As a teacher, you’ve undoubtedly heard a student ask more than once about how to open up those %#&*! hamstrings.
Hamstrings are one of the most resistant muscle groups to lengthen, and even when it feels like they are beginning to open up, miss a few days of practice and twang! They snapped back as tight as ever.
This was certainly the case when I started yoga a long time ago and I remember distinctly how frustrating it was.
I’m a big fan of dynamic movements initially to get into the hamstring complex, which is comprised of the biceps femoris, semitendinosus and the semimembranosus. These are large muscles so warming them with some light movements, gently bumping up against the edge of stretch, has been really helpful in my hamstring journey.
This is not a “bouncing” movement, which will only defeat the purpose. Watch the video below for a demonstration of what I mean.
The next thing that worked really well for me was to allow my head to relax forward, which happened when I started my Ashtanga practice.
Ashtanga is a rounded-back practice (versus the long back of an Iyengar style practice) and for some reason, when I allowed my head to drop forward and relax down towards my knees, I finally started making progress in the lengthening of my hamstrings.

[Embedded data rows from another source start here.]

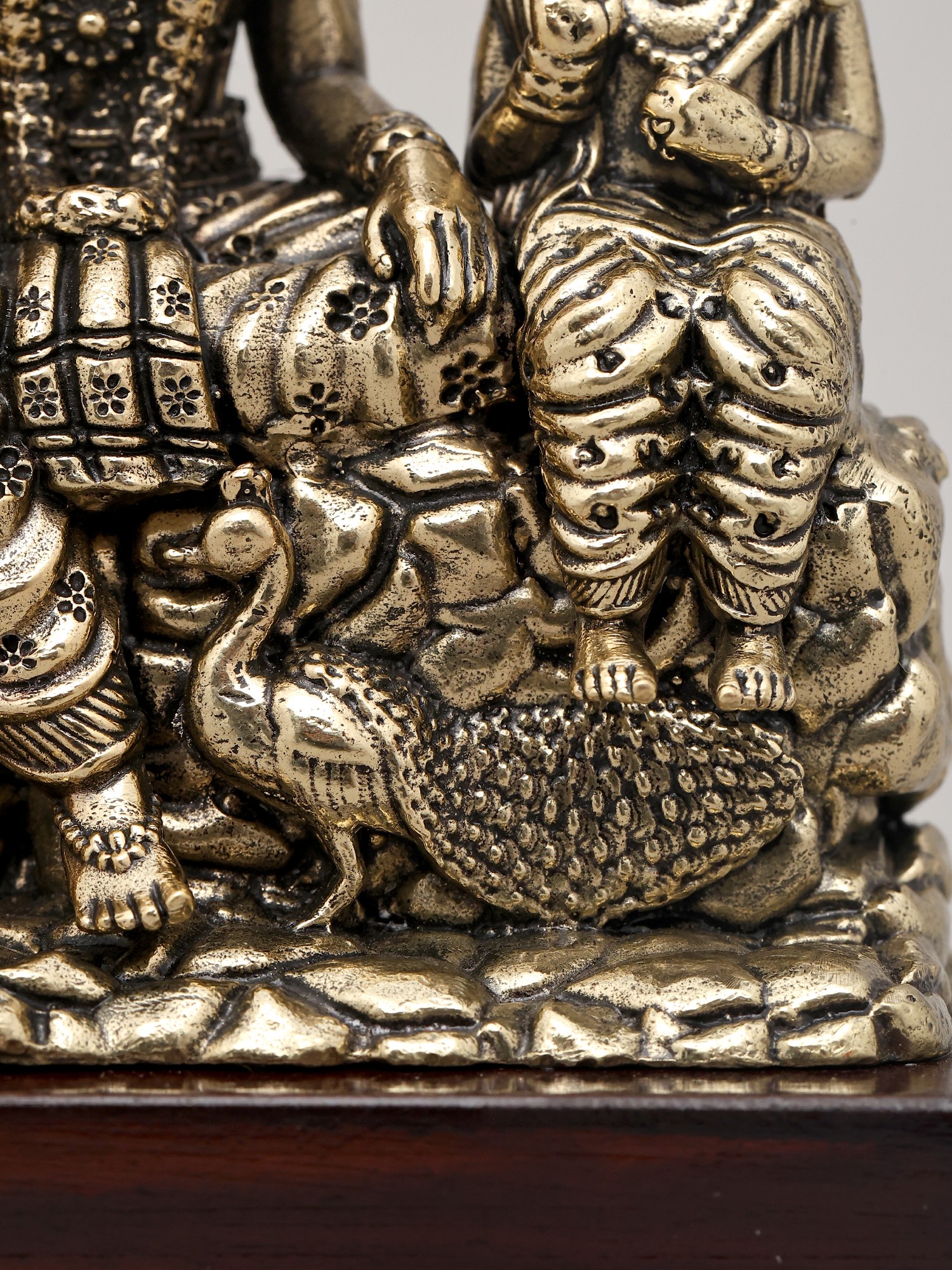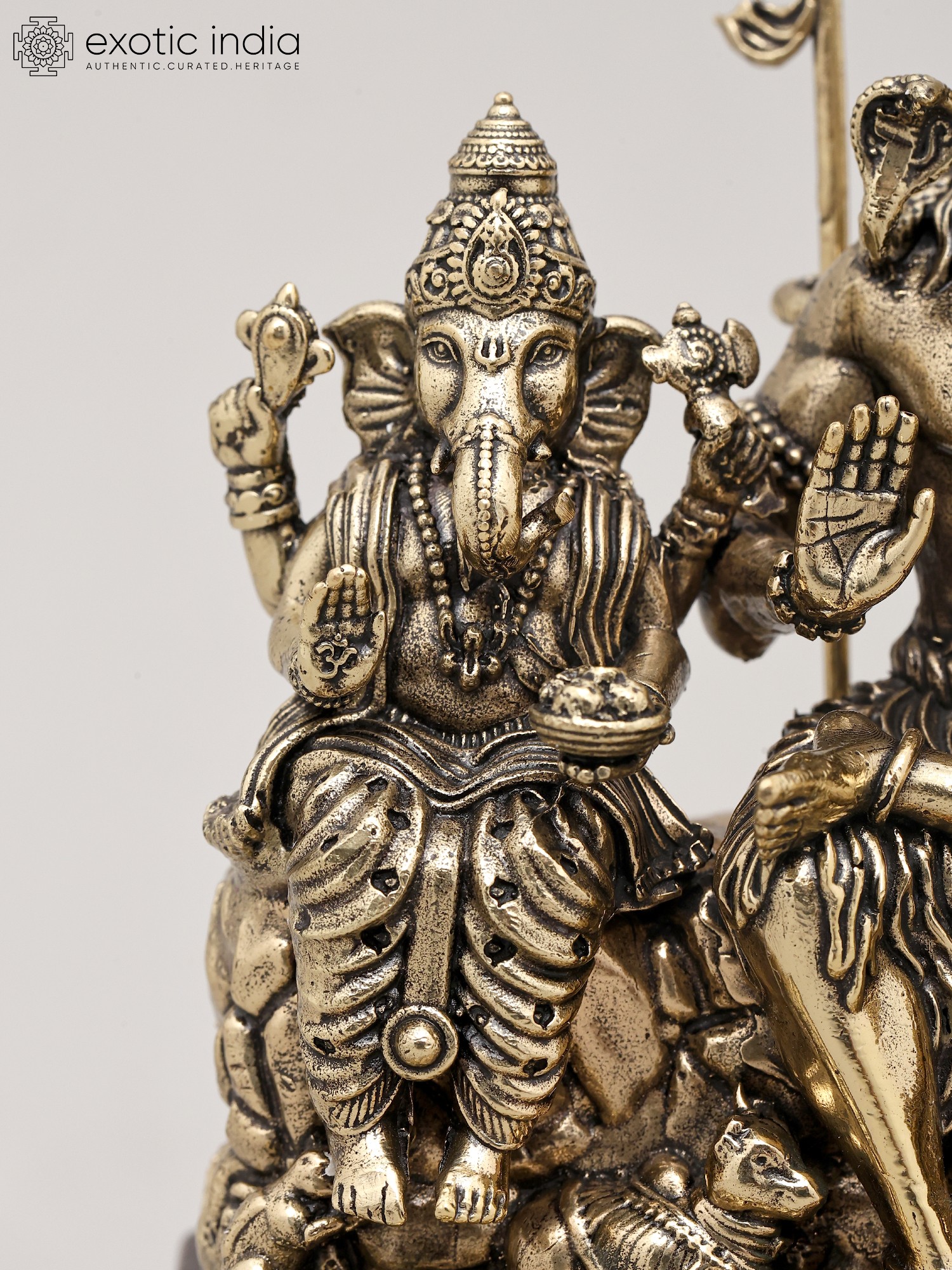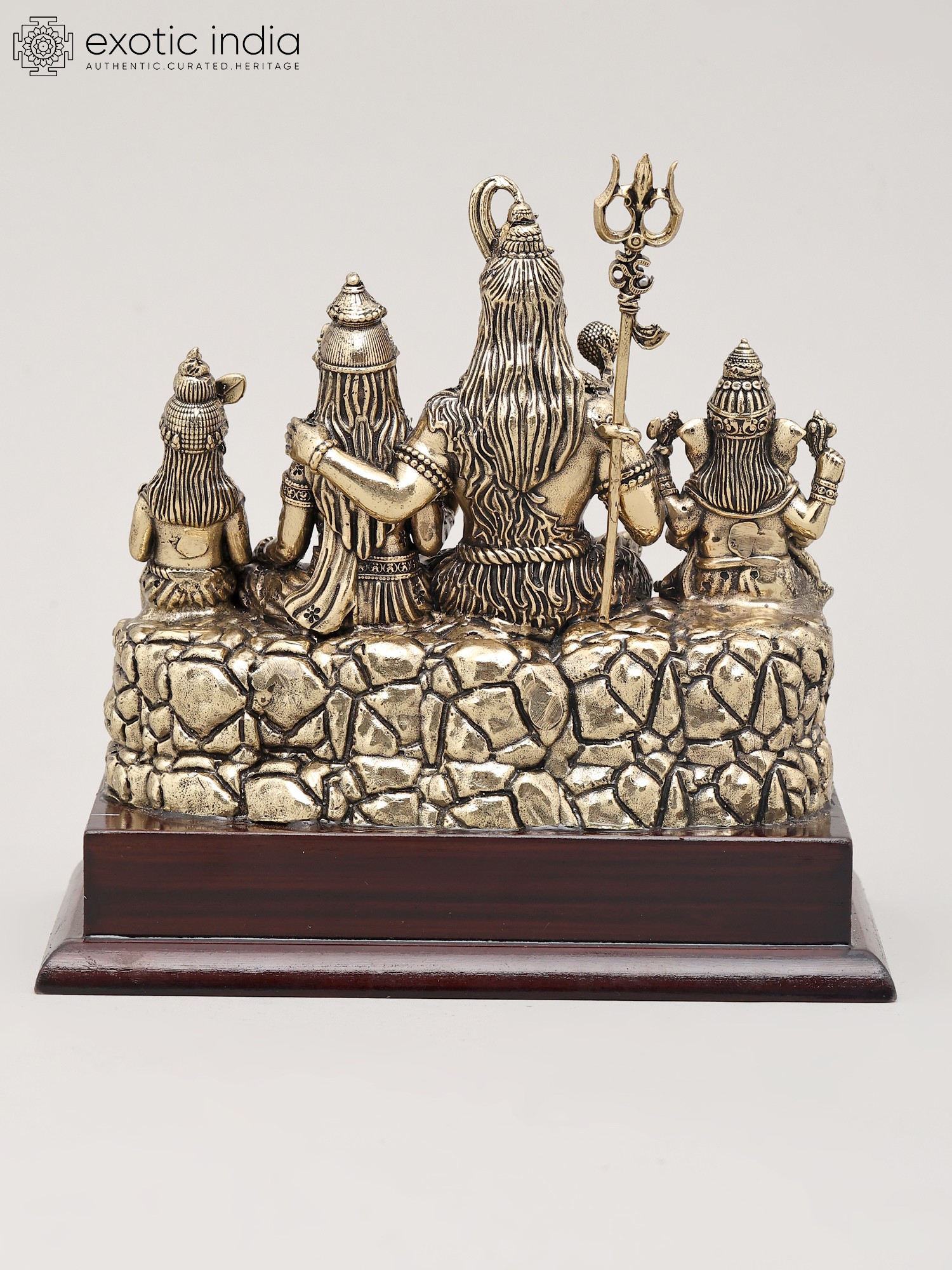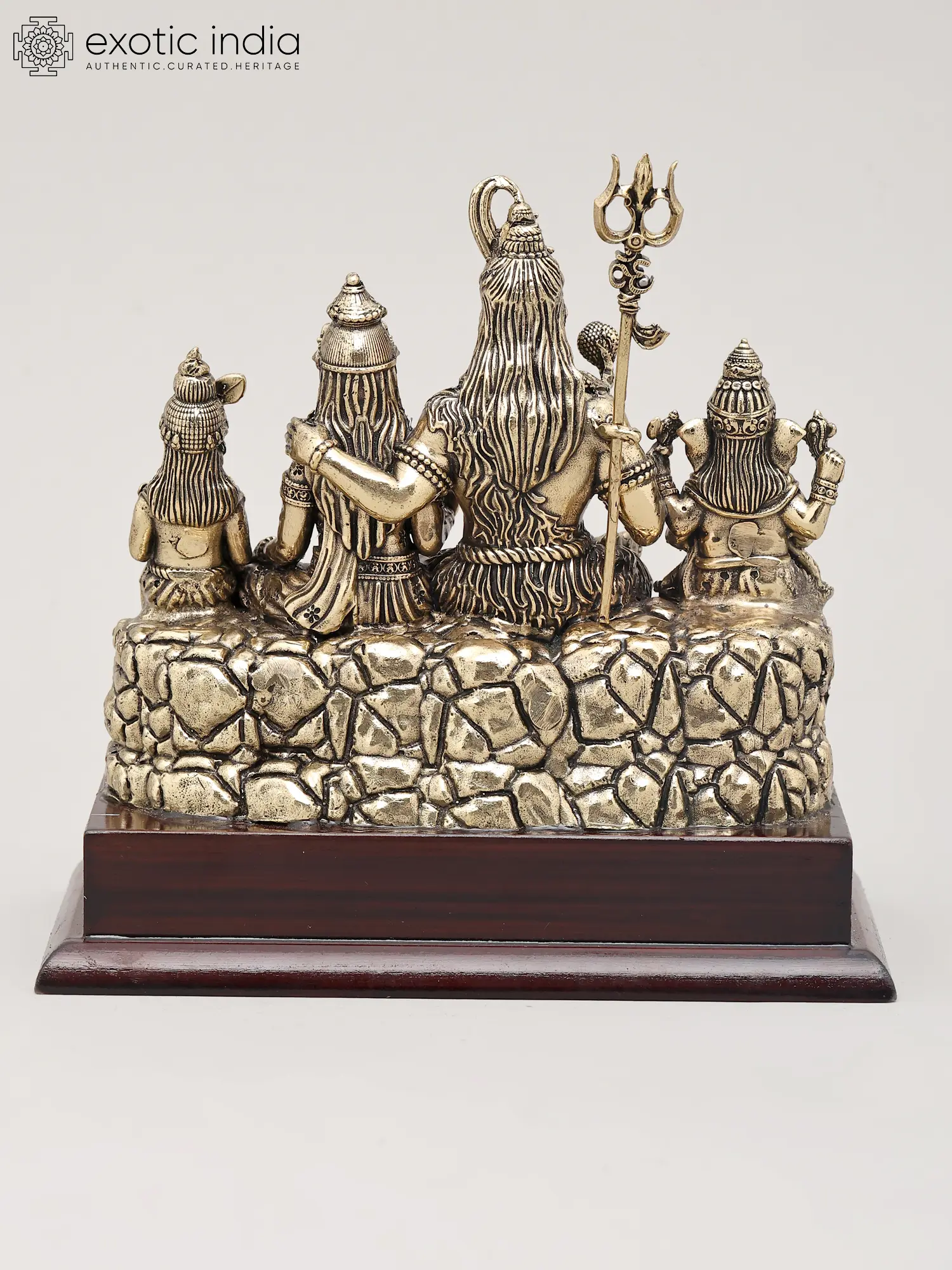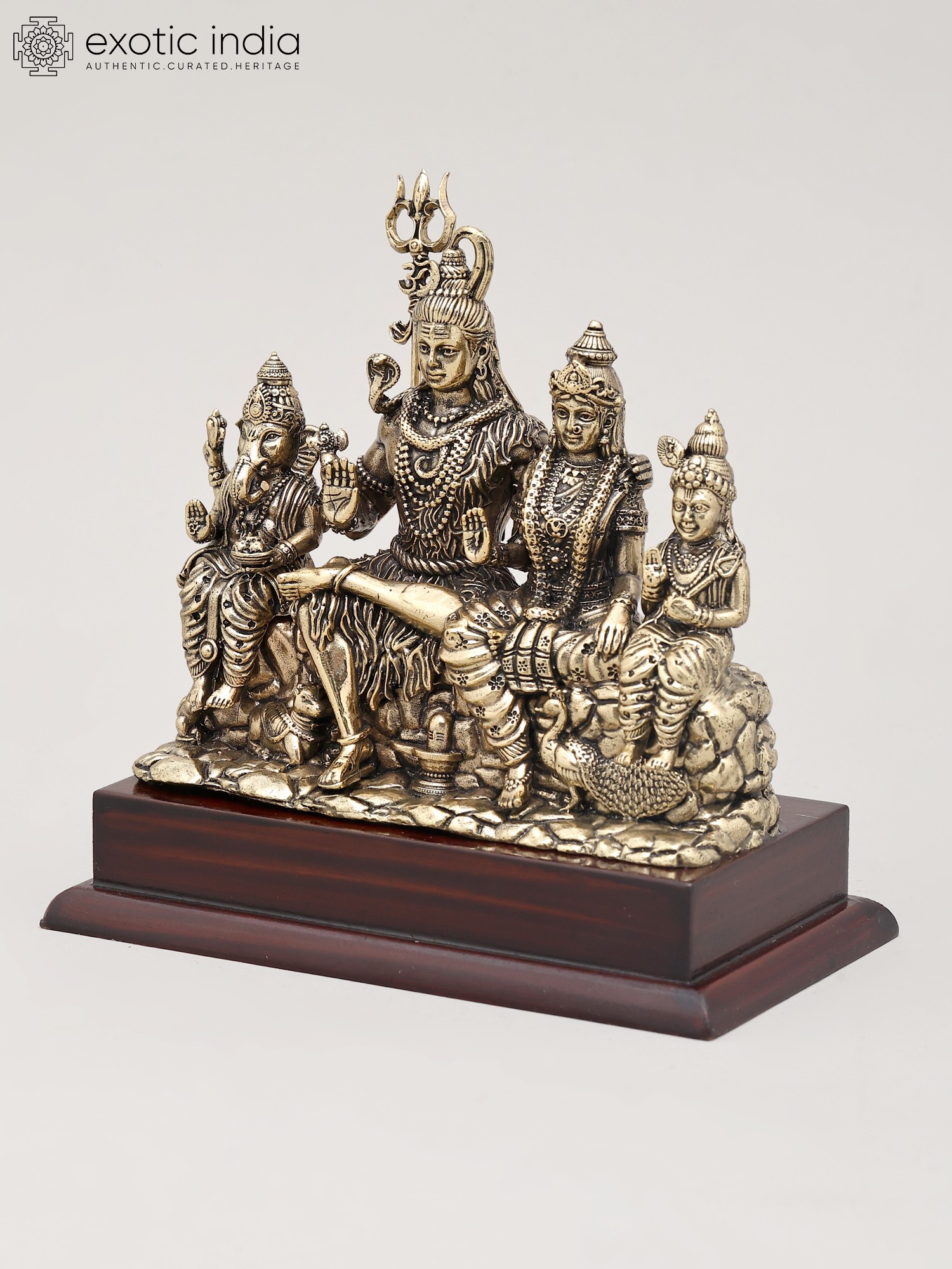 Crafted from fine brass, this statue showcases meticulous detailing and a superfine finish, a testament to the skilled artistry of Indian artisans. The rich patina of the brass lends a timeless quality, making it a striking decorative piece that radiates spiritual significance. The entire composition rests upon a sturdy and elegant wooden base, adding a touch of natural beauty and enhancing its overall aesthetic appeal. This sculpture is not merely an object of art; it is a conduit to invoking blessings of prosperity, wisdom, strength, and harmonious family life. It is said that invoking the divine family together can bring peace and balance to one's home and personal endeavors, much like the balance held within the cosmic order governed by Lord Shiva. This piece, with its profound symbolism and masterful execution, is an ideal addition to any sacred space or discerning collection, bringing the divine presence into your everyday life.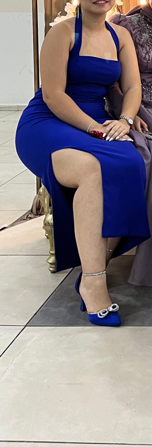 Halter yaka yırtmaçlı midi boy elbise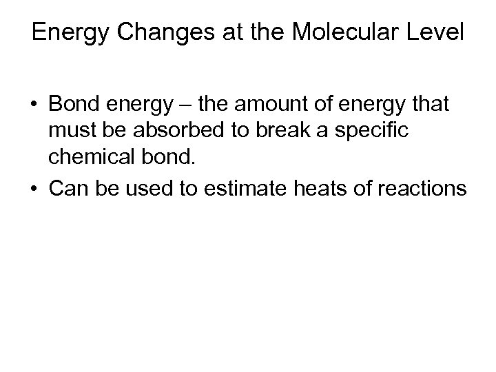 Energy Changes at the Molecular Level • Bond energy – the amount of energy that must be absorbed to break a specific chemical bond. • Can be used to estimate heats of reactions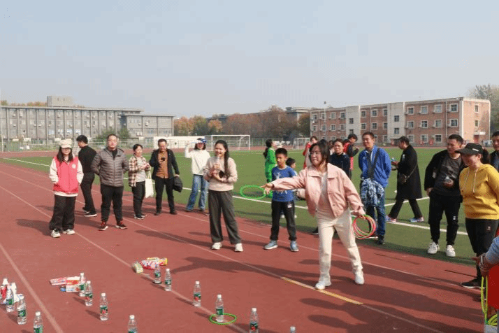 老师们拿着手里的彩色塑料圈跃跃欲试,一个个小圈被抛起又落下,唤起儿时的记忆。小朋友们也都参与进来,向前探出身子,努力把塑料圈套在矿泉水瓶上。在“大小朋友”的共同努力下,大家都获得了心仪的奖品。

I now understand this has to do with the superficial fascial back line of the body as described in this post on the Pilates Fitness Institute website. The weight of my head was tractioning my fascial line from my sub-occipital muscles at the base of my skull all the way down to my heels.
After warming up with some dynamic movements be sure to include some longer holds at about a 60% effort level, which is well off your furthest edge. Why? Because you want all the muscles to relax and send your fascia a message of safety. Only then will the fascia start to trust you and begin letting go.
Most important tip of all? Do these stretches CONSISTENTLY, with great devotion, over a long period of time, just as Patanjali prescribes in Yoga Sutra 1.14 as the secret to mastery in yoga.
Sutra 1.14: sat tu dirgha kala nairantaira satkara asevitah dridha bhumih
A long time of effort and devotion, without interruption, creates the ground for a firm, established practice.